(Exercise details) Give again, exactly as written, the lines of the records below from the line with "原題:Gold Advances Above" to the line with "Un choix énorme". Both end lines count; pictures do not.

(Exercise material)
-- Opening Marker --

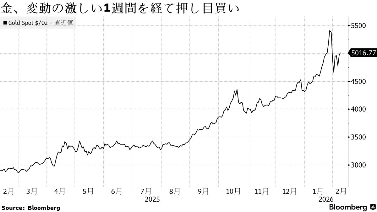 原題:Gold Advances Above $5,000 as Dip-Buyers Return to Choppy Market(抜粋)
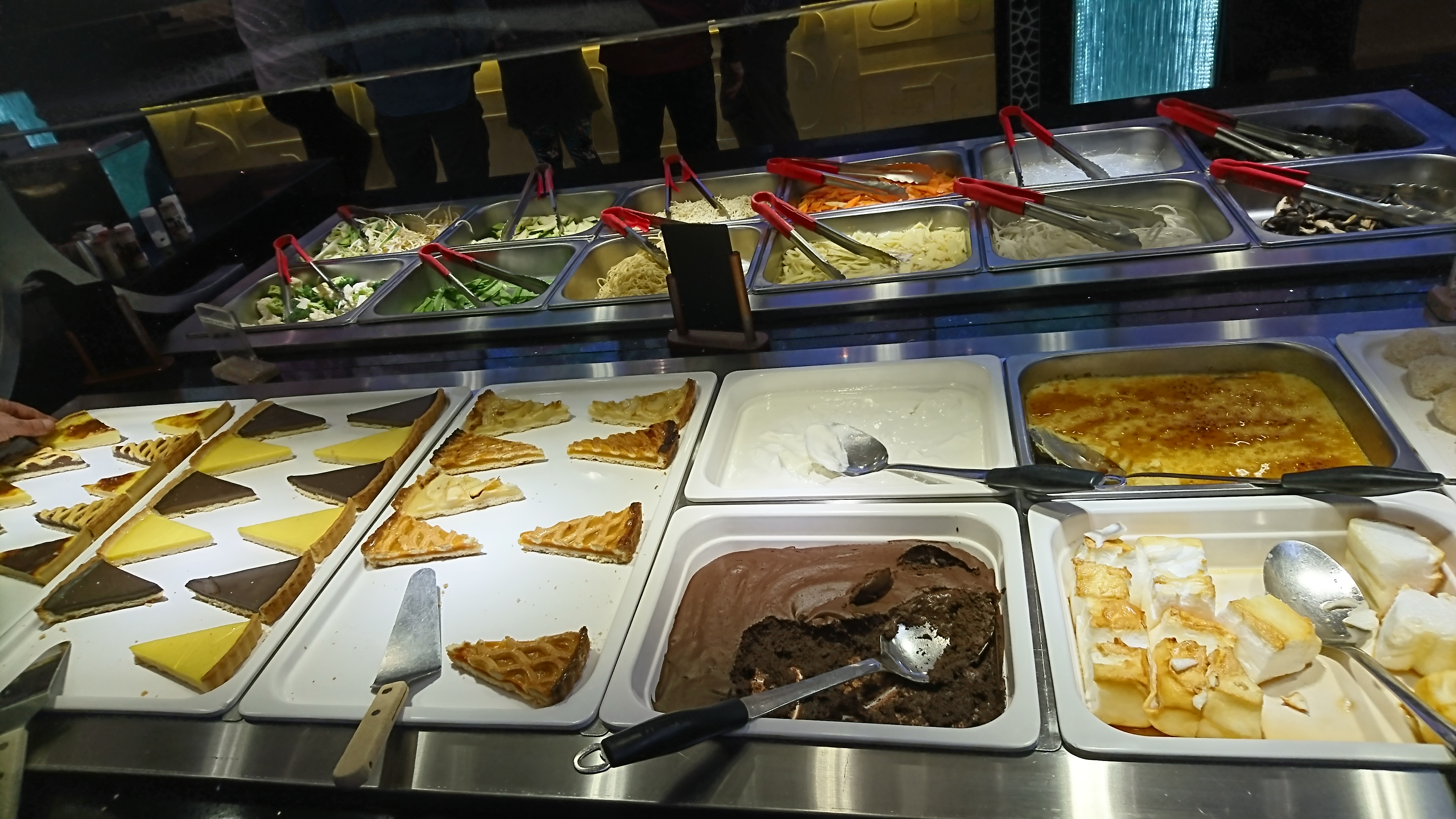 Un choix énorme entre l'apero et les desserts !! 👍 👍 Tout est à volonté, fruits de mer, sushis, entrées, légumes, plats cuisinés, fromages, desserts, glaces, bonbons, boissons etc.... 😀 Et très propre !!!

-- Closing Marker --
-- Opening Marker --

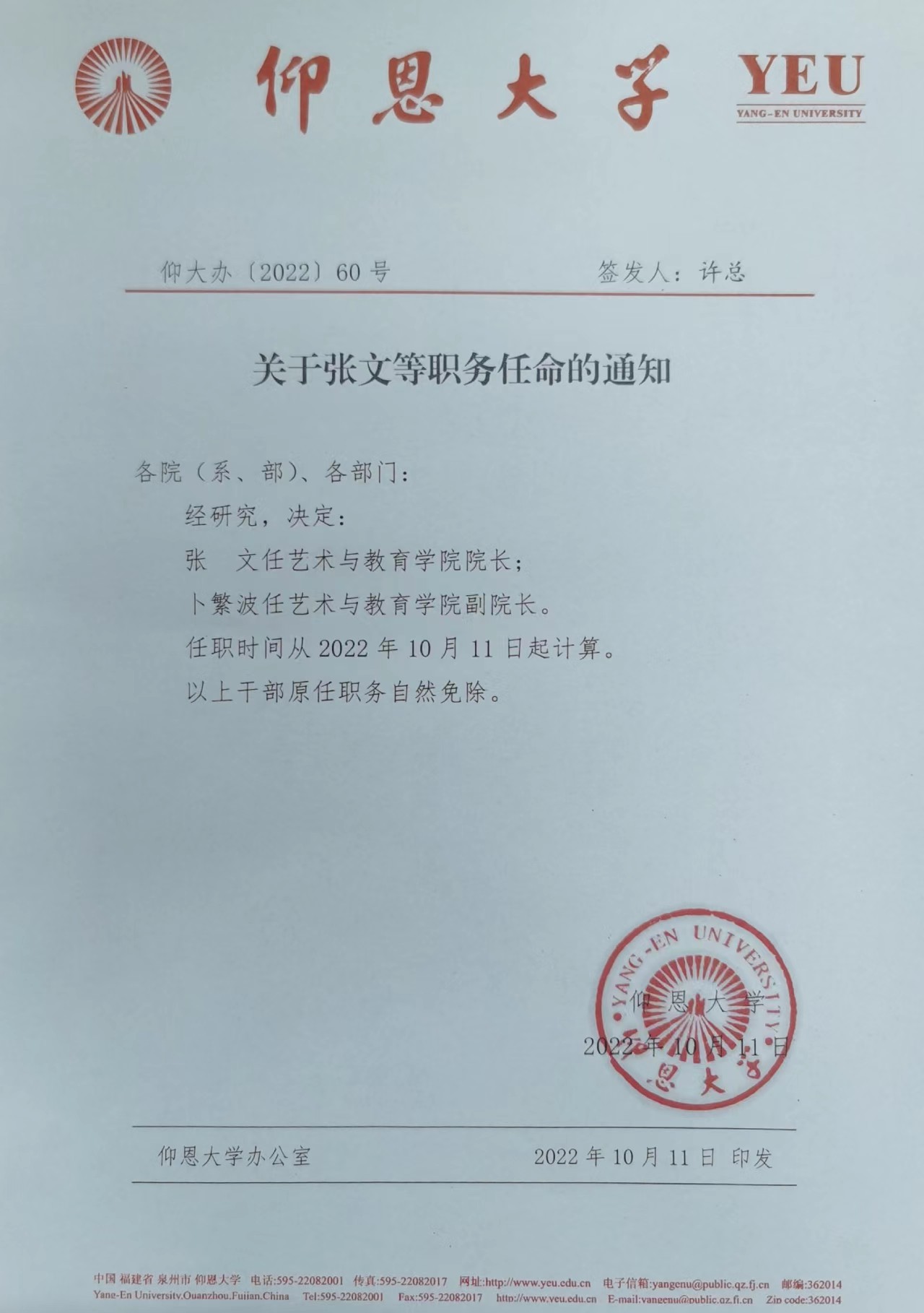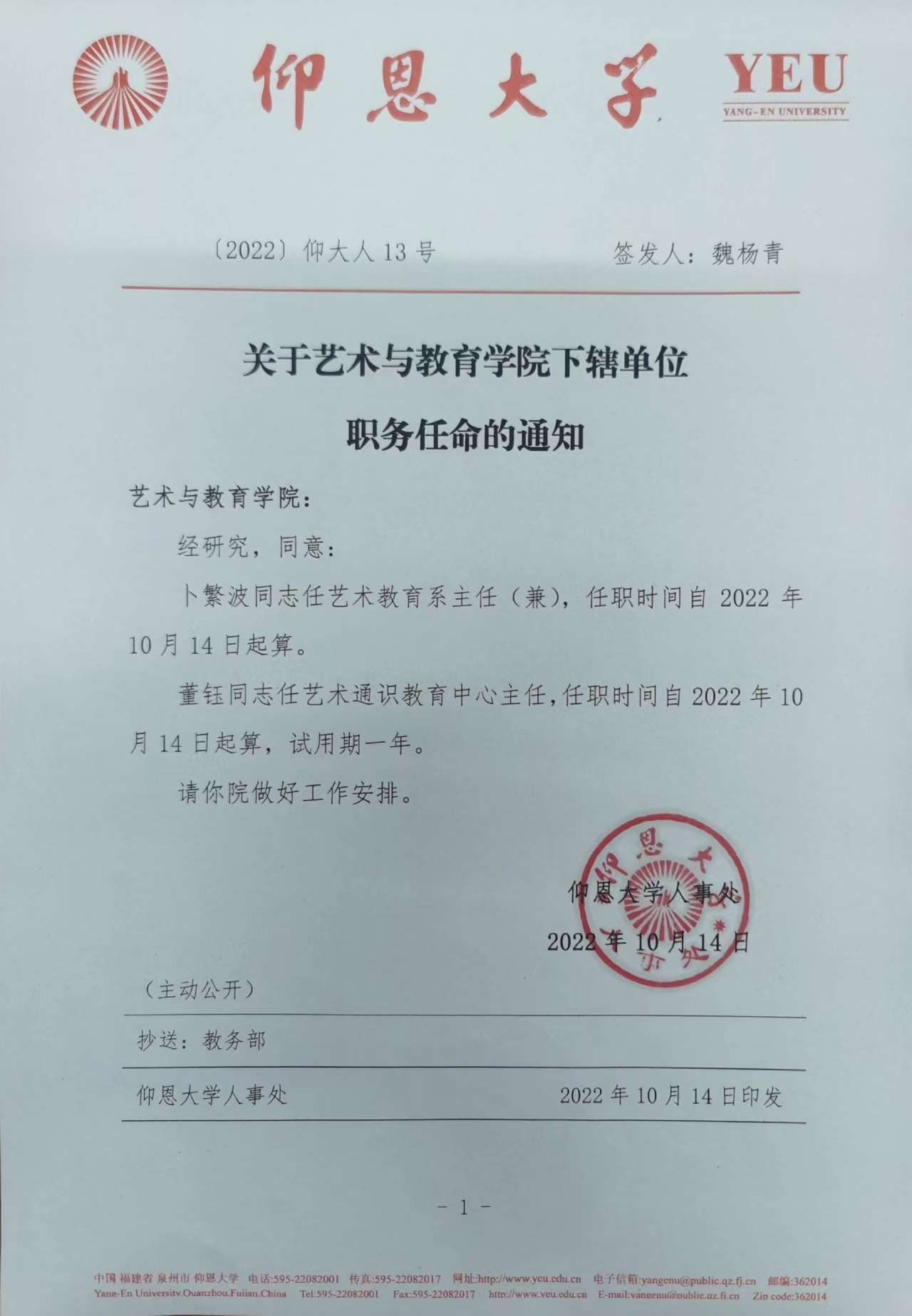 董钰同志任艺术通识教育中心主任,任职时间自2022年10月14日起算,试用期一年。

-- Closing Marker --
-- Opening Marker --

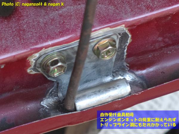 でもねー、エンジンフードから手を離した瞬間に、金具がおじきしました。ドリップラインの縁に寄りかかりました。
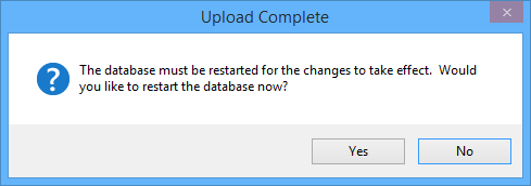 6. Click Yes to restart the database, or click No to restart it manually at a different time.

-- Closing Marker --

(Exercise result)
 原題:Gold Advances Above $5,000 as Dip-Buyers Return to Choppy Market(抜粋)
 Un choix énorme entre l'apero et les desserts !! 👍 👍 Tout est à volonté, fruits de mer, sushis, entrées, légumes, plats cuisinés, fromages, desserts, glaces, bonbons, boissons etc.... 😀 Et très propre !!!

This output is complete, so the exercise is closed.